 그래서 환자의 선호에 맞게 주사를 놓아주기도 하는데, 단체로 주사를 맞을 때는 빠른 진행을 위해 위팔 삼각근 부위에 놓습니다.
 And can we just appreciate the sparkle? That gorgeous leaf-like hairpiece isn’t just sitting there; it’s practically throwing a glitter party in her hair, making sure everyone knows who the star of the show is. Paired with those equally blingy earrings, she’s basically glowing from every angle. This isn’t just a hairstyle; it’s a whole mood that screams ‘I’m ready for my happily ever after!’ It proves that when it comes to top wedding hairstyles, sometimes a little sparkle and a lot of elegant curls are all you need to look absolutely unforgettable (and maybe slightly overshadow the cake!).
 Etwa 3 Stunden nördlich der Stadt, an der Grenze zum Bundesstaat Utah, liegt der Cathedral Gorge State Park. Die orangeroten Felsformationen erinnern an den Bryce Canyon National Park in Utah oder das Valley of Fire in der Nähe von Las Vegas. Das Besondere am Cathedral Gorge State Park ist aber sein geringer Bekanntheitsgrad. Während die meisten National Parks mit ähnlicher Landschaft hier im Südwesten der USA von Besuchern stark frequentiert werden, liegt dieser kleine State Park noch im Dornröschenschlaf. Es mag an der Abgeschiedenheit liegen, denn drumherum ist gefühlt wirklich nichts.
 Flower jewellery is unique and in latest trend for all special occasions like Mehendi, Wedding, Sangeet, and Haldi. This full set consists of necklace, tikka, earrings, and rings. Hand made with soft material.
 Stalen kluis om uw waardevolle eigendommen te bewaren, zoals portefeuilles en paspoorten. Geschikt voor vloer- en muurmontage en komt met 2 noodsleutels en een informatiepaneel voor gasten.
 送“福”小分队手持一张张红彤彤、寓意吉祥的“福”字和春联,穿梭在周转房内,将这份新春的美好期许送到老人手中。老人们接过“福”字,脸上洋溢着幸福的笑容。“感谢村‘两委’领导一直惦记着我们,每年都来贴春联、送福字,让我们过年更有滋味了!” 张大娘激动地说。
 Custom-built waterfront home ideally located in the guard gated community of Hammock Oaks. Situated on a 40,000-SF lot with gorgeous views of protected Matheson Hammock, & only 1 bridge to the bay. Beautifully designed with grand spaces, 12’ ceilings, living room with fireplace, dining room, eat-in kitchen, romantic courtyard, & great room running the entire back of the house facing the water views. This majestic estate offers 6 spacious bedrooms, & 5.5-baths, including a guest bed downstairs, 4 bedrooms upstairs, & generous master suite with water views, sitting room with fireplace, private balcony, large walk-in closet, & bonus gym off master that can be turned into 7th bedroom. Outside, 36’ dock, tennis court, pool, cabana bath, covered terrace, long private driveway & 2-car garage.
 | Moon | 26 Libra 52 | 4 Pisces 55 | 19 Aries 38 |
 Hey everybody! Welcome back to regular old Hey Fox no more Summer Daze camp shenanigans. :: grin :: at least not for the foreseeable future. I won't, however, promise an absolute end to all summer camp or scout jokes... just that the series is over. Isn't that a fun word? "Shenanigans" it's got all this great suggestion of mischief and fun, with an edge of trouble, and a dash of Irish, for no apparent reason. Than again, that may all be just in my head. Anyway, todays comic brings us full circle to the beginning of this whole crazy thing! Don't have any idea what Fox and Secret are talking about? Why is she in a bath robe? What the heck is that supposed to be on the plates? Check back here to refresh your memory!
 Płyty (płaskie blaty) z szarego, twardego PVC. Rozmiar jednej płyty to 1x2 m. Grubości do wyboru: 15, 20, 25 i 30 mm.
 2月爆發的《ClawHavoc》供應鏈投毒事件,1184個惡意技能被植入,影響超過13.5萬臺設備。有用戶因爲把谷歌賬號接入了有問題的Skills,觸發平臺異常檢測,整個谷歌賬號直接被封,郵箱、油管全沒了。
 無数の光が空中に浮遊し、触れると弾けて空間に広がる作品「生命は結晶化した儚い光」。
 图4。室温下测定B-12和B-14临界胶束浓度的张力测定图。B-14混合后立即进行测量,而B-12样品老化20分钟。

▸ The problem:
Word for word, please print every line from the beginning of the records to the line bearing "Etwa 3 Stunden", counting both ends and stopping there.

▸ Task output:
 그래서 환자의 선호에 맞게 주사를 놓아주기도 하는데, 단체로 주사를 맞을 때는 빠른 진행을 위해 위팔 삼각근 부위에 놓습니다.
 And can we just appreciate the sparkle? That gorgeous leaf-like hairpiece isn’t just sitting there; it’s practically throwing a glitter party in her hair, making sure everyone knows who the star of the show is. Paired with those equally blingy earrings, she’s basically glowing from every angle. This isn’t just a hairstyle; it’s a whole mood that screams ‘I’m ready for my happily ever after!’ It proves that when it comes to top wedding hairstyles, sometimes a little sparkle and a lot of elegant curls are all you need to look absolutely unforgettable (and maybe slightly overshadow the cake!).
 Etwa 3 Stunden nördlich der Stadt, an der Grenze zum Bundesstaat Utah, liegt der Cathedral Gorge State Park. Die orangeroten Felsformationen erinnern an den Bryce Canyon National Park in Utah oder das Valley of Fire in der Nähe von Las Vegas. Das Besondere am Cathedral Gorge State Park ist aber sein geringer Bekanntheitsgrad. Während die meisten National Parks mit ähnlicher Landschaft hier im Südwesten der USA von Besuchern stark frequentiert werden, liegt dieser kleine State Park noch im Dornröschenschlaf. Es mag an der Abgeschiedenheit liegen, denn drumherum ist gefühlt wirklich nichts.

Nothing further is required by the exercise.